Il 6 aprile 1931, il Guardiano della comunità di San Giovanni Rotondo, padre Raffaele da Sant’Elia a Pianisi, a nome di tutta la religiosa famiglia, protestava altamente e denunciava alle autorità competenti, per via legale, “l’ostile dimostrazione da parte di malintenzionati, avvenuta in quei giorni (31 marzo) contro il convento dei padri Cappuccini di San Giovanni Rotondo, con lancio di sassi alle finestre, forzatura di porta d’ingresso e violazione di domicilio. Sicuro che le autorità vogliano prendere seri provvedimenti e che simili atti vandalici non si ripetano più e garantire l’incolumità personale della suddetta famiglia religiosa e quella di eventuali ospiti, con stima”
Cosa era accaduto il 31 marzo?
Nei giorni precedenti si era diffusa la notizia di un possibile trasferimento di Padre Pio. Fu il Podestà Antonio Bramante, che parlò ai frati di questa disposizione e in un colloquio col padre guardiano esternò il suo pensiero: “padre guardiano, voi non potete parlare, perché avete il segreto; ma io non ho segreti: debbo parlare ed è mio dovere difendere il nostro padre Pio”. il 31 marzo si diffuse la notizia falsa e pericolosa: “è arrivato il nuovo superiore che deve portar via Padre Pio, camuffato da frate minore!”. Si trattava di padre Francesco Tignola che voleva dei consigli spirituali dal frate cappuccino. Una folla “inferocita e urlante” salì al convento e chiese il “nuovo superiore per spedirlo da dove era venuto”.

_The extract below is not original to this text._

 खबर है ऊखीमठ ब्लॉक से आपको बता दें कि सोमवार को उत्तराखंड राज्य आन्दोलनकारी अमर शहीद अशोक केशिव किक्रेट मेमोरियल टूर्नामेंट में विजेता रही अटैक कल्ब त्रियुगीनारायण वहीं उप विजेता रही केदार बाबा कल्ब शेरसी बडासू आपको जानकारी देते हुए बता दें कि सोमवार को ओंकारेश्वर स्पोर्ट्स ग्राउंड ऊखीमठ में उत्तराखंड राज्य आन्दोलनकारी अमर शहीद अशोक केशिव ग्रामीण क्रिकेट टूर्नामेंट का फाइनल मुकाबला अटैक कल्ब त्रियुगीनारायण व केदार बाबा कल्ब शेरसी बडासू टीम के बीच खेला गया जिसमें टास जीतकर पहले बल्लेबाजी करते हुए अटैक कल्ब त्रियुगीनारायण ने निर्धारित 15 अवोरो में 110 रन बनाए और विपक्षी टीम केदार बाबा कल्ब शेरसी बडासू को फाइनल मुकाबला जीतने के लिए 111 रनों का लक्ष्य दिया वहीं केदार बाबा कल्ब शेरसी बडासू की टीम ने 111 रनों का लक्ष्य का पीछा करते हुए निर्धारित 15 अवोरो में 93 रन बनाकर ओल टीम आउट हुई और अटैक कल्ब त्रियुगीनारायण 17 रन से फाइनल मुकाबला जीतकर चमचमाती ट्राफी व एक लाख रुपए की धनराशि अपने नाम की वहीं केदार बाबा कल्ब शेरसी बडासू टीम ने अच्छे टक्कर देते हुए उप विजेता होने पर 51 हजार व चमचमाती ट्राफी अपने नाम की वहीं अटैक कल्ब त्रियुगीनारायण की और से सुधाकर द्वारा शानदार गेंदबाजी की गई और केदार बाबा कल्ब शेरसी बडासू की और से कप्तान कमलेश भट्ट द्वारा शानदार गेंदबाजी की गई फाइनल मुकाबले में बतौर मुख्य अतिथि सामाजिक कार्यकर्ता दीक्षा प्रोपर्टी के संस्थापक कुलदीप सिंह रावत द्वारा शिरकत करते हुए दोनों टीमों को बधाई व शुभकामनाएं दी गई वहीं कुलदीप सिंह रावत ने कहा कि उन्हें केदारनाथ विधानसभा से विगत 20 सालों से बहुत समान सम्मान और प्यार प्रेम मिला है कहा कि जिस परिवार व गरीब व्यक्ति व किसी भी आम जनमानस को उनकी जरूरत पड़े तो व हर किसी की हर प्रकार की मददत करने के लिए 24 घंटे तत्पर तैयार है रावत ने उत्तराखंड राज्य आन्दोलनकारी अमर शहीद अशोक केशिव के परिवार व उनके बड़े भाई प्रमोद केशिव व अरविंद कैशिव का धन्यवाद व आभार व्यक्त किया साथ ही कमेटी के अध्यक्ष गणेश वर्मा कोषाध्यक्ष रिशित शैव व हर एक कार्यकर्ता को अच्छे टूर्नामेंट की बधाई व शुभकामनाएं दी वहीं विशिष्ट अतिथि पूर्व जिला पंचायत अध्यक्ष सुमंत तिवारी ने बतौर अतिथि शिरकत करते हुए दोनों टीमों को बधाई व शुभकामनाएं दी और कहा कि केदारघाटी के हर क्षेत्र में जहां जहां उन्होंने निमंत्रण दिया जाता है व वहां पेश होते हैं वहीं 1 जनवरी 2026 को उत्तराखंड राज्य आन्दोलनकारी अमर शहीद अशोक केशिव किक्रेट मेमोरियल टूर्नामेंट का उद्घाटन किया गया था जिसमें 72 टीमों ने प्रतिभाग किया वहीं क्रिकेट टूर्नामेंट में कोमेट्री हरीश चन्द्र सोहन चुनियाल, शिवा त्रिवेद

Il guardiano, (nella foto) era in coro, si precipitò giù, risoluto e con voce imperiosa comandò a tutti di uscire dal convento. Usciti dal chiostro, il padre Raffaele promise che sarebbe andato a chiamare padre Pio e così si calmarono. Il cappuccino stigmatizzato si affacciò alla finestra della prima stanza vicino al coro e assicurò che il padre venuto era un povero forestiero che, di ritorno dalla predicazione, era salito a far visita ai confratelli. La gente diffidava. Quando venne il podestà con i carabinieri, la folla si calmò ed andarono quasi tutti via. Infatti alcuni restarono per organizzare un servizio di vigilanza attorno al convento.

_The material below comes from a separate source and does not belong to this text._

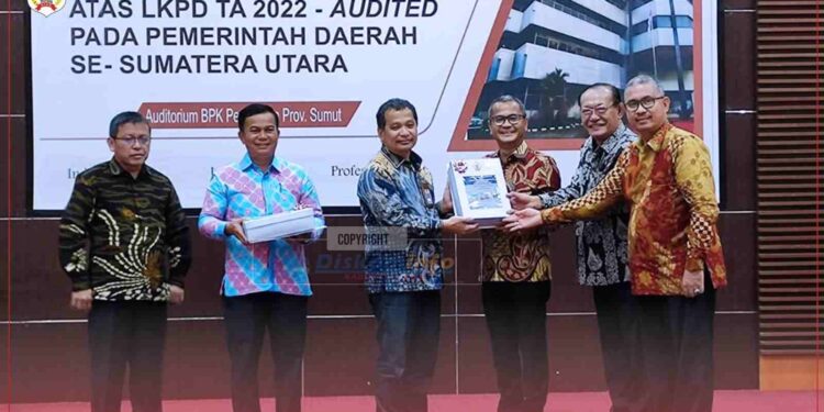 Medan, suarainvestigasi.com – Kepala Perwakilan BPK RI Provinsi Sumatera Utara Eydu Oktain Panjaitan, S.E, M.M, Ak, CA, CSFA sampaikan Laporan Hasil Pemeriksaan (LHP) BPK atas Laporan Keuangan Pemerintah Daerah (LKPD) Kabupaten Nias Tahun Anggaran 2022 di Gedung BPK Perwakilan Provinsi Sumatera Utara, Jalan Imam Bonjol No. 22 Medan, Senin 08/05/2023)

La lettera del guardiano, il giorno dopo, giunse la provinciale, fr. Bernardo d’Alpicella, che scrisse al Generale padre Melchiorre da Benisa raccontando l’accaduto e suggerendo assicurazione – da parte di lui – “che lassù non si recherà nessun religioso forestiero per restarvi, per calmare e tranquillizzare la popolazione ed evitare fatti di sangue”.